Lawyers for Francisco Rodriguez-Guardado filed an emergency motion Monday morning in federal appeals court in Boston seeking his immediate release from jail because immigration authorities can no longer “reasonably foresee” his deportation. That’s because a Denver appeals court agreed he was likely to win an asylum claim and ordered Dec. 8 that he remain in the country during the litigation, a process that goes through “summer of 2018, if not far longer,” the motion says.

Rodriguez, a father of four U.S. citizen children, is a Massachusetts Institute of Technology custodian who sought asylum in 2006 and has been legally allowed to remain in the United States since 2011, when his asylum application was denied. He has no criminal record, and his lawyers are fighting parallel battles in federal appeals courts: reopening his asylum case in the 10th Circuit Court of Appeals in Denver; and, in the First Circuit Court of Appeals in Boston, a habeas corpus action over whether he can be detained at all.

In the week since the Denver appeals court ordered that Rodriguez remain in the country, his attorneys have “repeatedly sought to confirm with the government whether it intends to keep holding him in custody,” but have not received a “firm answer.”

The Department of Justice has not returned repeated calls and emails inquiring about Rodriguez in the past weeks. They did not respond Monday.

The motion asks the court to order immigration authorities to file a response by Wednesday, and says the government doesn’t oppose that schedule.

“Mr. Rodriguez-Guardado’s detention no longer has any legal basis,” his Goodwin Procter attorneys write, because “the power to detain exists only for a reasonable period, and only if there is a ‘significant likelihood of removal in the reasonably foreseeable future.’

“Mr. Rodriguez-Guardado’s detention has always been deeply legally suspect,” they write, but also note that when he was first detained on July 13, it was because immigration authorities planned to deport him on July 20.

Rodriguez’s attorneys also ask the court to keep his Boston appeal open even if they release him, because “the issues presented are ‘capable of repetition yet evading review.’” That is, the government might detain Rodriguez again and he should not have to go through the months-long process of litigating in the district court and appealing the district court’s decision to the appeals court, all for the same result.
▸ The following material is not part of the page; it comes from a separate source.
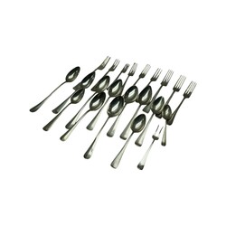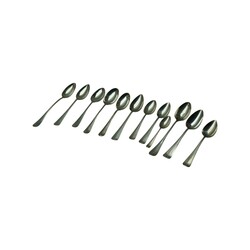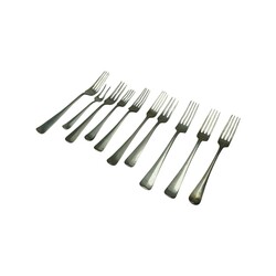 | Omschrijving | Een lot met tweede gehalte (835/1000) zilveren lepels en vorken met Haagse lof. Diverse meester en jaartallen. Totaal ca. 1000 gram. |

The Boston appeals court was scheduled to hear from the government on the merits of Rodriguez’s release by Dec. 27, but it’s not clear how that interacts with this Wednesday’s deadline, if at all. The next date in the Denver court is Rodriguez opening brief, which is due Jan. 16.

His plea to the court also has a humanitarian edge. Rodriguez’s continued captivity means “that he remains unable to work and earn money for his family, or to spend the Christmas season with his newborn child, wife, and other U.S. citizen children,” they write.